§ **Work item**: Exactly the lines from the start of the entries through the line with "Для тех, кто" are required in the output, with no pictures among them.

§ **Provided data**:
# # # #
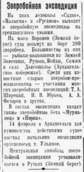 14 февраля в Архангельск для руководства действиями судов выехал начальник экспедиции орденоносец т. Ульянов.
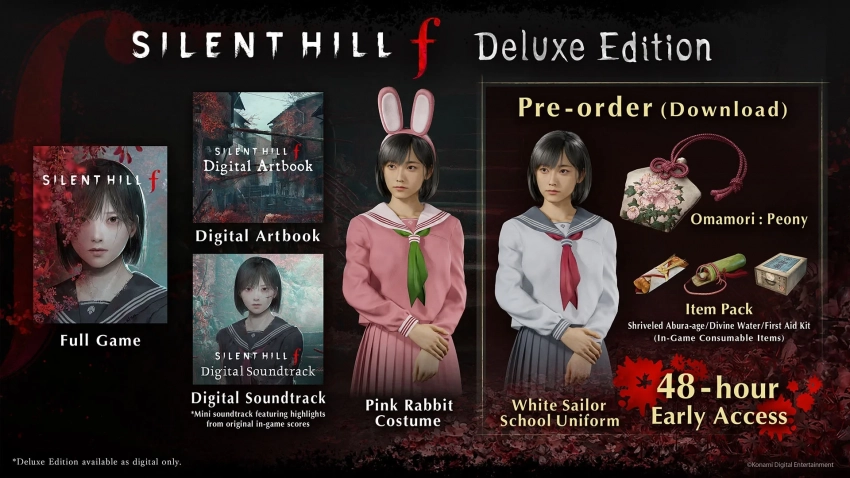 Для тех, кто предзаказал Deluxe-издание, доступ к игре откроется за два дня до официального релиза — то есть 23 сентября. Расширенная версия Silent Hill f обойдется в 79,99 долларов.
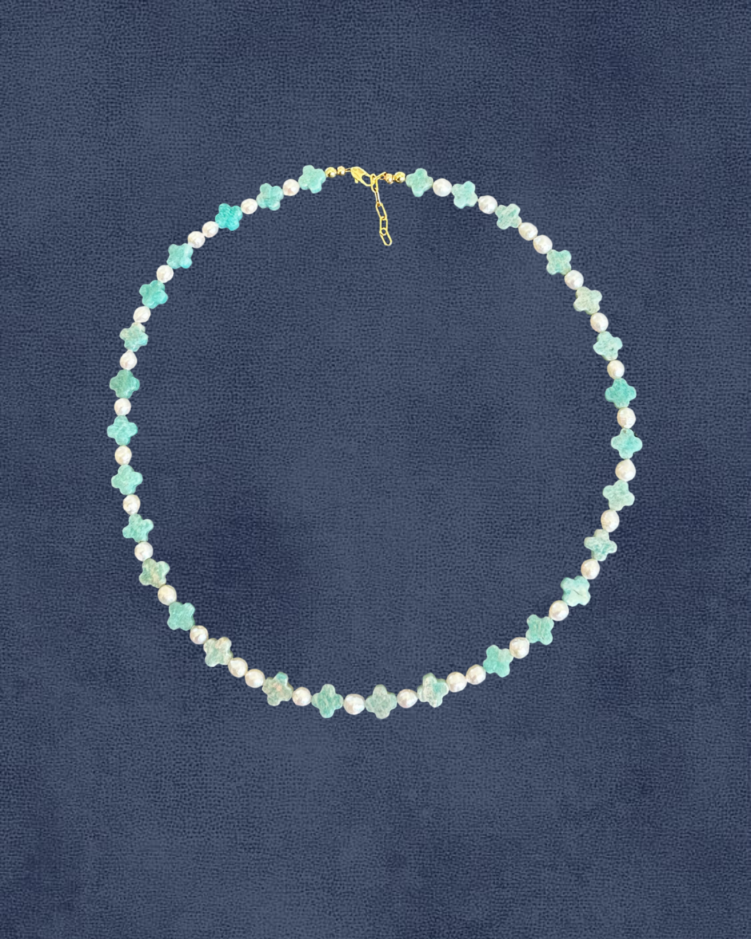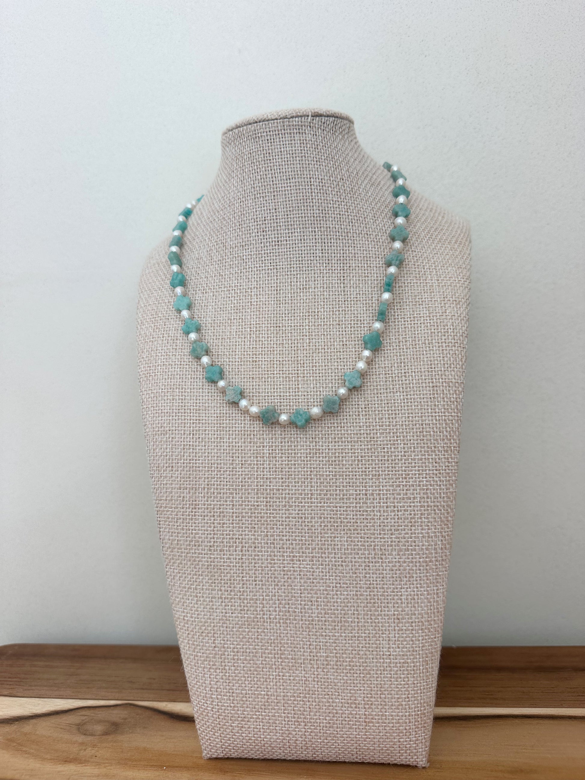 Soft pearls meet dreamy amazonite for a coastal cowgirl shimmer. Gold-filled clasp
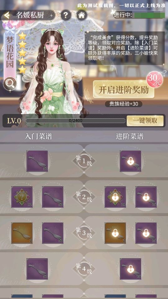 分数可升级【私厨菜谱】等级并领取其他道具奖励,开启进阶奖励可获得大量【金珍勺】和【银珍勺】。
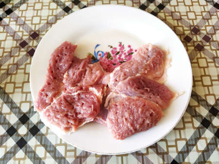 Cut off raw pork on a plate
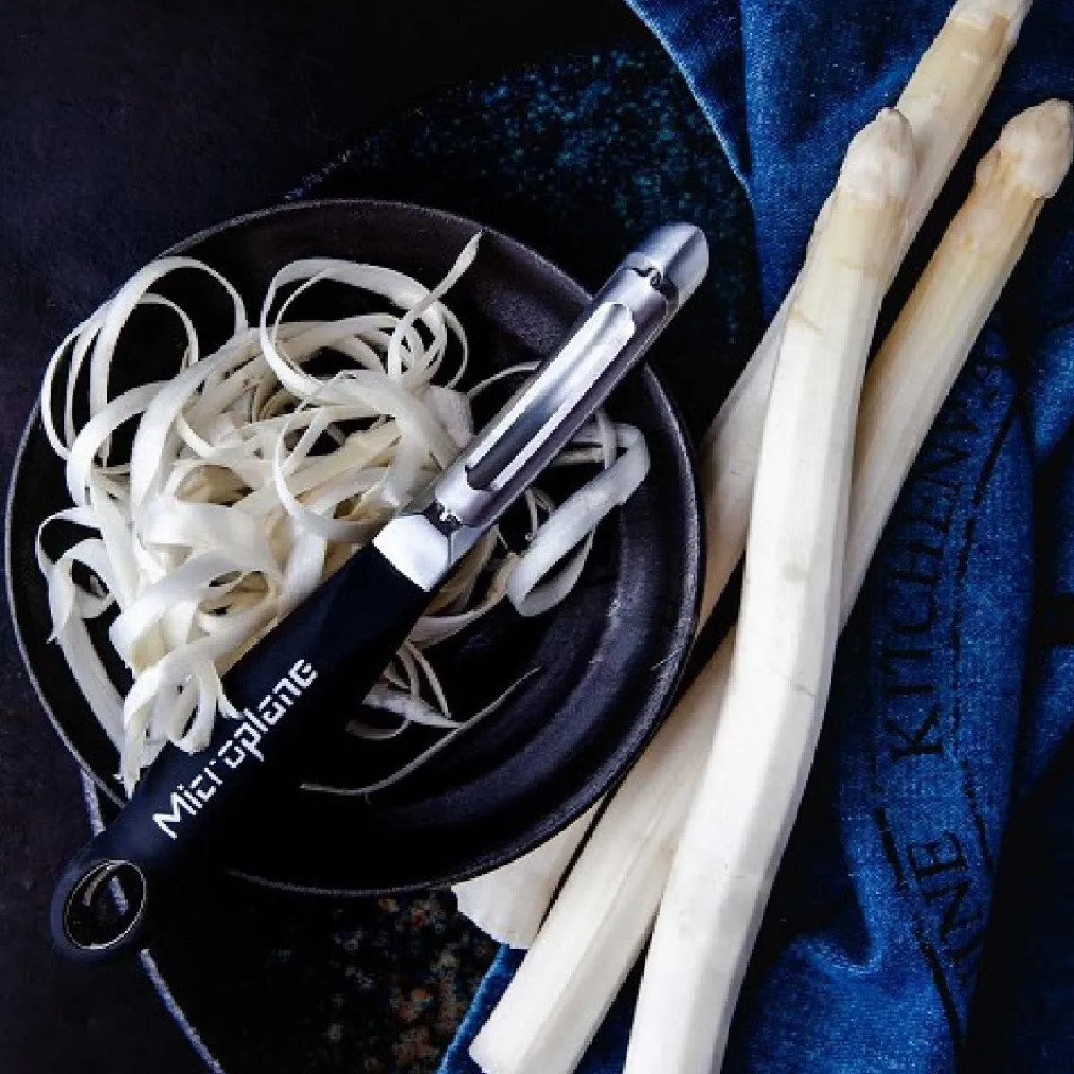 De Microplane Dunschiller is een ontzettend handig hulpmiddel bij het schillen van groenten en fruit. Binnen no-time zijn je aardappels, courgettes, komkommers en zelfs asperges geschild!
# # # #
§ **Problem solution**:
 14 февраля в Архангельск для руководства действиями судов выехал начальник экспедиции орденоносец т. Ульянов.
 Для тех, кто предзаказал Deluxe-издание, доступ к игре откроется за два дня до официального релиза — то есть 23 сентября. Расширенная версия Silent Hill f обойдется в 79,99 долларов.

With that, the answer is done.